§ **Work request**:
Within the listing below, the lines to output run from the one containing "والFDA في سبتمبر" through the one containing "We are halfway."; copy them exactly and nothing else.

§ **Task input**:
┌──
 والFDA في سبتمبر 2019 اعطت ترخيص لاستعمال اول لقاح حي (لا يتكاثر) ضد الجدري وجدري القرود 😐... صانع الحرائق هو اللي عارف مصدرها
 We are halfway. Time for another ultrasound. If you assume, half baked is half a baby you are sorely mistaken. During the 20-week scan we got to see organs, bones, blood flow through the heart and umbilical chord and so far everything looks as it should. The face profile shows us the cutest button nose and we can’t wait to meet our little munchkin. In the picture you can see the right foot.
└──
┌──
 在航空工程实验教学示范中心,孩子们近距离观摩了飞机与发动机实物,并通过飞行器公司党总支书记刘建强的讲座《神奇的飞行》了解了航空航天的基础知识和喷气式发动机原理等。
└──
§ **Expected output**:
 والFDA في سبتمبر 2019 اعطت ترخيص لاستعمال اول لقاح حي (لا يتكاثر) ضد الجدري وجدري القرود 😐... صانع الحرائق هو اللي عارف مصدرها
 We are halfway. Time for another ultrasound. If you assume, half baked is half a baby you are sorely mistaken. During the 20-week scan we got to see organs, bones, blood flow through the heart and umbilical chord and so far everything looks as it should. The face profile shows us the cutest button nose and we can’t wait to meet our little munchkin. In the picture you can see the right foot.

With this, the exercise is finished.